Really, still warm in Florida?


----------



## snowbear (Dec 12, 2015)

Sunny, 68, scattered clouds no the N and NE.  We did have some light morning frost a couple of days ago.


----------



## Wizard1500 (Dec 12, 2015)

Yea, we've been in the low 80's all week.....low 50's at night....and I'm in north central Fl.....must be hot down south.....


----------



## DarkShadow (Dec 12, 2015)

Sunny and 61 deg In CT.


----------



## baturn (Dec 12, 2015)

Rain - more rain - Oh, more rain!!!


----------



## pgriz (Dec 12, 2015)

Well up here in the frozen north, it's definitely not frozen and balmy warm.  I'm leaving in a few minutes for the cottage to pick up the remaining leaves that I didn't get the last time I went up.  Usually by this time we're about shin-deep in snow and would have already had two or three dumps (snow that is, we polite people don't talk about that other stuff).  Temperature is currently around 10C (50F), when it should be around -8C (17F), but no-one's complaining.  The snow shovel has made it from the back of the garage to near the front of the garage (gotta be prepared), but has not yet seen any use.  So is the bag of de-icing salt, sitting on the front porch - maybe I'll give it a Christmas bow or something so that it doesn't feel left out.


----------



## vintagesnaps (Dec 12, 2015)

Gray, gray, and gray. Same here, unseasonably mild. Have had a few mornings of fog (in December??). It is December isn't it? hard to tell


----------



## NancyMoranG (Dec 12, 2015)

Near Outer Banks N.Carolina and it's been rainy then sunny, warmer than usual. 70 today and absolutely beautiful. Rainfall last week gave us a few inches and they are opening the outfall for the lake here. It is too high for the migratory birds.


----------



## snowbear (Dec 12, 2015)

NancyMoranG said:


> Near Outer Banks N.Carolina and it's been rainy then sunny, warmer than usual. 70 today and absolutely beautiful. Rainfall last week gave us a few inches and they are opening the outfall for the lake here. It is too high for the migratory birds.

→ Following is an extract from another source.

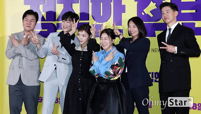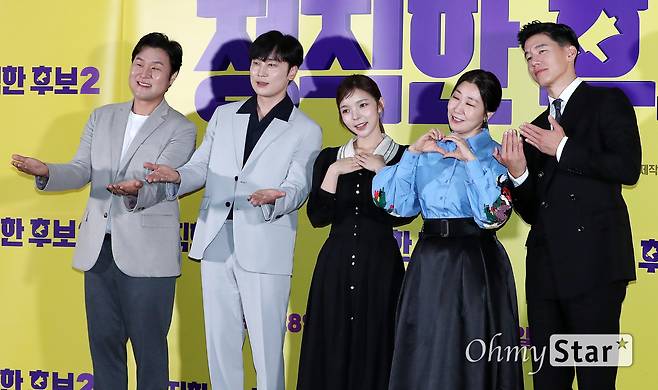 윤경호, 서현우, 박진주, 라미란, 김무열 배우와 장유정 감독(오른쪽에서 두 번째)이 20일 오후 서울 강남구의 한 상영관에서 열린 영화 <정직한 후보2> 시사회에서 포토타임을 갖고 있다.
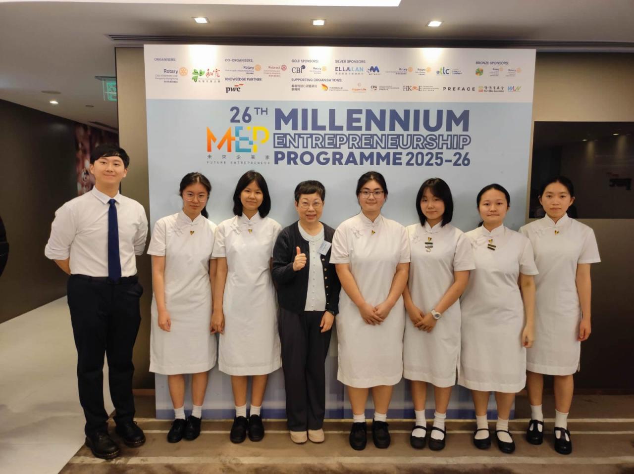 We are delighted to share that six of our Form 5 students studying BAFS recently participated in the "26th Millennium Entrepreneurship Programme 2025-2026", co-organized by the Rotary Club of Hong Kong Wofoo and Wofoo Social Enterprises. Centering their project around the UN Sustainable Development Goal 3 (SDG 3: Good Health and Well-being), the students successfully stood out among 114 teams from over 50 schools across Hong Kong. They proudly clinched the Merit Award, taking home a cash prize of HK$2,000 and a team trophy, demonstrating their exceptional business acumen and excellent teamwork. We hope our students will maintain their passion for business and entrepreneurship, and continue to shine and showcase their outstanding entrepreneurial spirit on future stages! Lastly, special thanks to Ms Elaine Mak, the Accountant Ambassador from the HKICPA for her unwavering support to the team!

Nancy - did you ever decide where to go on your Christmas Lights road trip?


----------



## astroNikon (Dec 12, 2015)

grey cloudy all day long
but a warm 59 degrees fahrenheit in SE Michigan.
I like not having tons of snow by this time.


----------



## bogeyguy (Dec 12, 2015)

68 here today. Pgh. PA Right now 64, crazy huh. It's December 12. LOL!


----------



## Dillard (Dec 13, 2015)

It got up to 72 here in SC. Unreal


----------



## astroNikon (Dec 13, 2015)

we're supposed to have a High of 68 today.
If the sun comes out it might be higher

Usually the avg high is 36
1998 was a record high of 71
not one snow flake to be seen anywhere.


----------



## tecboy (Dec 13, 2015)

Right now is raining.  That sucks!


----------



## DarkShadow (Dec 13, 2015)

Global Climate Change .Climate Change: Vital Signs of the Planet: Effects


----------



## jcdeboever (Dec 13, 2015)

Lansing, Michigan, damp, 63 degrees...

Sent from my XT1254 using Tapatalk


----------



## EIngerson (Dec 13, 2015)

60's and sunny here in SanDiego. I know….. I shouldn't reply anymore.  lol


----------



## Derrel (Dec 13, 2015)

Ehhhh...44 degrees and raining...we're close to the Pacific Ocean and at fairly low altitude, 200 feet above sea level, mostly, so we're in one of those typical early December patterns with not much fluctuation between nightime low and daytime high temps.


----------



## DarkShadow (Dec 13, 2015)

Nice Temps^^


----------



## bc_steve (Dec 21, 2015)

-10°C out right now.  It's been pretty nice out if you ask me.  I'm glad there's finally snow on the ground, it really makes it feel like it's not so dark all the time.  The sun comes up after 8 and sets before 4.  Pretty happy the days are finally going to start getting longer.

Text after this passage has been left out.